Exercise requirements:
In the data below, set down exactly the lines from the one containing "- Внутри вы" up to and including the one containing "Retro Brass Bibcock". Leave the pictures out.

Data for analysis:
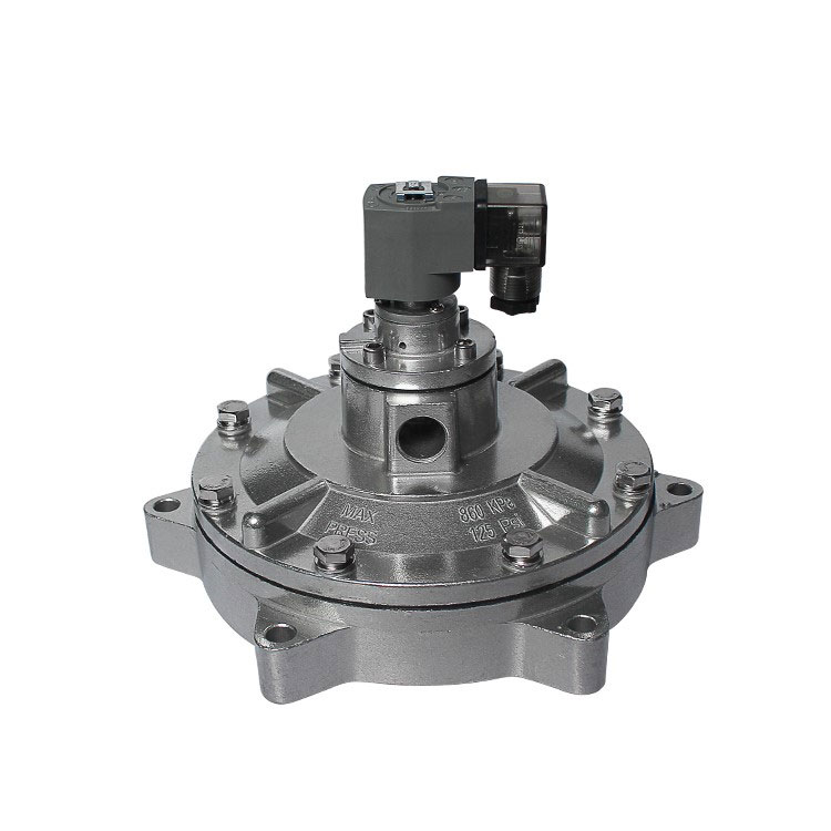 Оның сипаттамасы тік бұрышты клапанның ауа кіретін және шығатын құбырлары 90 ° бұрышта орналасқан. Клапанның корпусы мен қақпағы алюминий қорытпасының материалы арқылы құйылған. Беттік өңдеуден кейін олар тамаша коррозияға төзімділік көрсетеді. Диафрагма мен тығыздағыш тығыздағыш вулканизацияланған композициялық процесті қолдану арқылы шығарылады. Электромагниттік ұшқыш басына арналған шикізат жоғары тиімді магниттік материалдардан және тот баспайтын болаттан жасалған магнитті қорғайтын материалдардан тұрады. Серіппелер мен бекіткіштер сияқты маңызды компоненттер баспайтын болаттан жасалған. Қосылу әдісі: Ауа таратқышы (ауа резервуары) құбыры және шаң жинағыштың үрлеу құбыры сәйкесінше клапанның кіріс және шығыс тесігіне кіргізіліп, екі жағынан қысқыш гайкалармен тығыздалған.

---

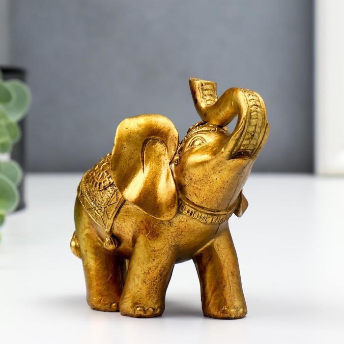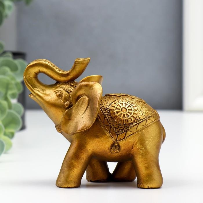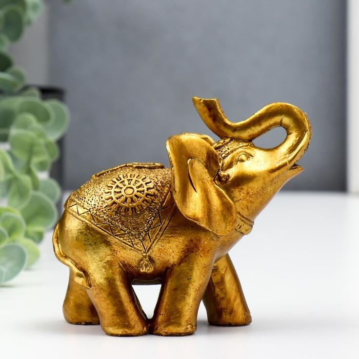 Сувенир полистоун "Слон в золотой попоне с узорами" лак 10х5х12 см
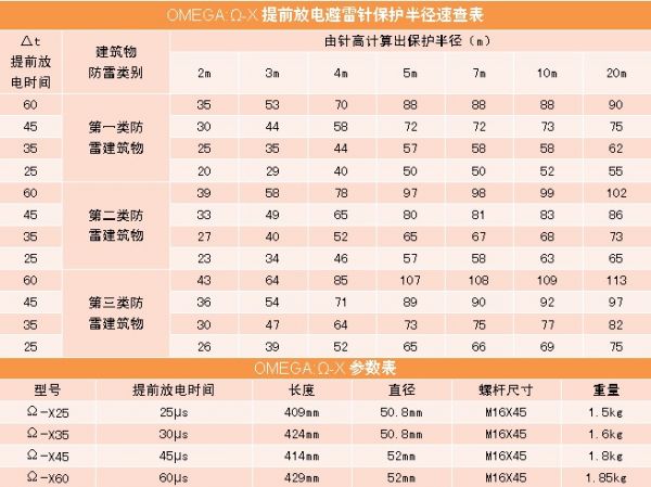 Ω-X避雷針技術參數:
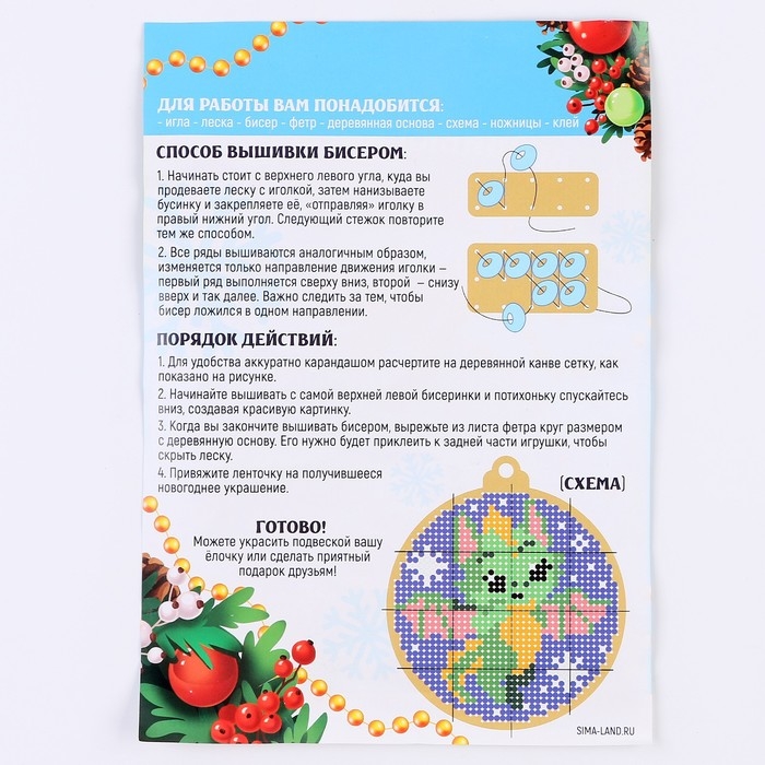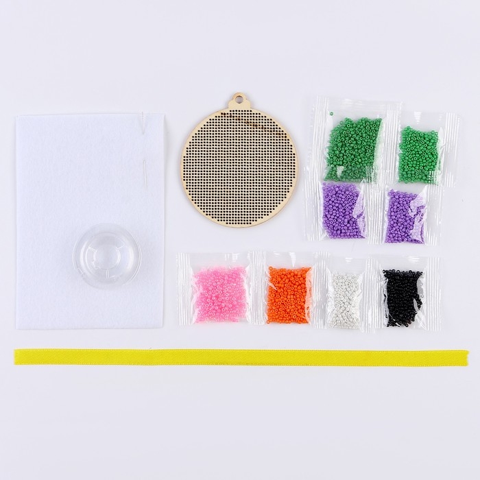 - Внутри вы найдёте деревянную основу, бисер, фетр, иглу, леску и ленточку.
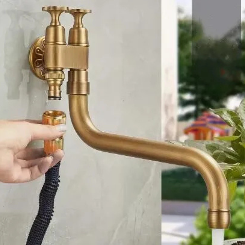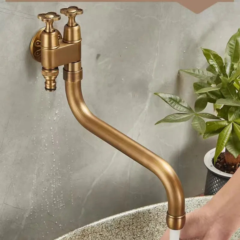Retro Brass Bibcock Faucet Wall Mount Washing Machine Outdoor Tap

Answer space:
 - Внутри вы найдёте деревянную основу, бисер, фетр, иглу, леску и ленточку.
Retro Brass Bibcock Faucet Wall Mount Washing Machine Outdoor Tap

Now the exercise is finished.